6.67 Any statutory variation of the preferred version of the rule must take account of the modern planning framework, including the Government’s current proposals, as set out in the recent Green Paper.[84]
… more detailed action plans for smaller local areas of change, such as urban extensions, town centres and neighbourhoods undergoing renewal.[85]
One category of action area would include “area master plans”:
… comprehensive plans for a major area of renewal or development covering design, layout and location of new houses and commercial development supported by a detailed implementation programme.[86]
6.69 The Planning Green Paper does not spell out in any detail the extent to which compulsory purchase is expected to assist these objectives. This issue is touched upon in the Compulsory Purchase Policy Statement, which was published at the same time.
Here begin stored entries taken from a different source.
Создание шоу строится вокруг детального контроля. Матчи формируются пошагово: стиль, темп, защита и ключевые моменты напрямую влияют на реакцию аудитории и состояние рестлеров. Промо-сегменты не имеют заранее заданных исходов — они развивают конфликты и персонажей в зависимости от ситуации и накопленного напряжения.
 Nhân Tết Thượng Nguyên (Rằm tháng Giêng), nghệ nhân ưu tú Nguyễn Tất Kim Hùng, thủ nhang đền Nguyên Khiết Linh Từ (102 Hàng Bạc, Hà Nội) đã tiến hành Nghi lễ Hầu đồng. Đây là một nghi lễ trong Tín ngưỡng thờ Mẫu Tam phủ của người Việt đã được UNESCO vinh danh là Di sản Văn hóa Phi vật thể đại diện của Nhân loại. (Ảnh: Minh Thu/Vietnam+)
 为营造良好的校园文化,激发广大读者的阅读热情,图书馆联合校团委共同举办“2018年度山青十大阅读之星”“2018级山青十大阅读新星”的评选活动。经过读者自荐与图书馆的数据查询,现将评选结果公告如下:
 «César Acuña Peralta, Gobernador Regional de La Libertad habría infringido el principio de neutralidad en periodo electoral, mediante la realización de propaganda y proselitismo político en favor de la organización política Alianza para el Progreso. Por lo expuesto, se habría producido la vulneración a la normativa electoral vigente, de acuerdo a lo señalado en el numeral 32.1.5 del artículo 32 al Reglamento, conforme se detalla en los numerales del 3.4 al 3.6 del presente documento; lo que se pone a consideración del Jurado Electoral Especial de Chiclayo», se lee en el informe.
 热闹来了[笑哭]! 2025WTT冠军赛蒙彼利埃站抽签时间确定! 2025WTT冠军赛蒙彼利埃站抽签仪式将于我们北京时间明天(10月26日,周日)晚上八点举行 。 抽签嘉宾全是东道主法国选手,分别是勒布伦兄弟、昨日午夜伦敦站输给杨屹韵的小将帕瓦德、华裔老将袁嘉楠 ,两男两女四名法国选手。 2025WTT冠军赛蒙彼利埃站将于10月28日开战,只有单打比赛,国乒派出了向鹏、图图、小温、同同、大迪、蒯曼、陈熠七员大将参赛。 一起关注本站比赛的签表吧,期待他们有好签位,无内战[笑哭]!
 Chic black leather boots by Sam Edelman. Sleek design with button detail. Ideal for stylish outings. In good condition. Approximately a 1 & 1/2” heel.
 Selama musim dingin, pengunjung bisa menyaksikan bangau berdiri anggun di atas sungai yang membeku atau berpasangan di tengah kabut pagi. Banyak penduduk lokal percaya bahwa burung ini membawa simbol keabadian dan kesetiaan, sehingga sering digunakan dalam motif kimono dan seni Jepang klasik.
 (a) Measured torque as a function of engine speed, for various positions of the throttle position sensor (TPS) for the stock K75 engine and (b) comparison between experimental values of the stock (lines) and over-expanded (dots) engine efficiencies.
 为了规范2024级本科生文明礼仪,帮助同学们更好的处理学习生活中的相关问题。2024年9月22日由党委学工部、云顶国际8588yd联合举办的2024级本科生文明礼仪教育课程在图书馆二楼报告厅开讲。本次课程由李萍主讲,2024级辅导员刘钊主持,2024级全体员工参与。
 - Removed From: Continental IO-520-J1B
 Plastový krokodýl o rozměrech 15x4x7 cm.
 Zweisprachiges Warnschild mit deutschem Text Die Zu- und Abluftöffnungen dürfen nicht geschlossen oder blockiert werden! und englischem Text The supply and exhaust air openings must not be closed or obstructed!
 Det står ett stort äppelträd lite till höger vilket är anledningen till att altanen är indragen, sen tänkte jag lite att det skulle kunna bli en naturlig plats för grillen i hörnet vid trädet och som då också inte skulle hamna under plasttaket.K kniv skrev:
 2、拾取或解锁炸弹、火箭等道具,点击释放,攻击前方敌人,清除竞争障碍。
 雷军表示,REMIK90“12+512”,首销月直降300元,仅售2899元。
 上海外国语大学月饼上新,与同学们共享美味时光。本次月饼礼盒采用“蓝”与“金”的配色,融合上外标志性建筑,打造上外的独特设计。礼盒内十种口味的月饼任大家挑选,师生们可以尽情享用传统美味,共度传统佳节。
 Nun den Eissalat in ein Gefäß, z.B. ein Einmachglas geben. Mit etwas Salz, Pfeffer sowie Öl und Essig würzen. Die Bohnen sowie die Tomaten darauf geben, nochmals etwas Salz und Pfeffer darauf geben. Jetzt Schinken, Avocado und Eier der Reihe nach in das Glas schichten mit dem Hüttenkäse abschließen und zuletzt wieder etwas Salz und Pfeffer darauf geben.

It draws parallels with the functions of Urban Development Corporations (which were one of the cases specified by the 1961 Act section 6).[87] However, the intention is not, it seems, to rely on specific designations,[88] but rather:
to make a radical change in new legislation by replacing the powers in section 226 (of the Town and Country Planning Act 1990) by a new provision which would define a full range of planning and regeneration purposes, including halting the physical, economic and/or social deterioration of an area, for which a local planning authority could use its compulsory purchase powers.[89]
6.70 In seeking confirmation for an order, the acquiring authority will have to establish that the public interest in acquiring the land outweighs private rights, and to show why they need the land and “in broad terms the purpose for which it will be used.”[90] Two suggested options for this purpose are:
(i) a policy based approach – by reference to the core policies in the authority’s Local Development Framework (as proposed in the Planning Green Paper), or those in the Community Strategy;
(ii) through the designation of sites in action plans adopted as part of the Local Development Framework (see Planning Green Paper). If the proposals for rapid adoption and review of such plans proposed in the Green Paper are adopted, this would provide an obvious means of establishing a clear rationale for the compulsory acquisition…[91]
A further option is that the Secretary of State might have power to specify by order the matters to which he will have regard in deciding whether to confirm section 226 orders. The Policy Statement invites further suggestions.[92]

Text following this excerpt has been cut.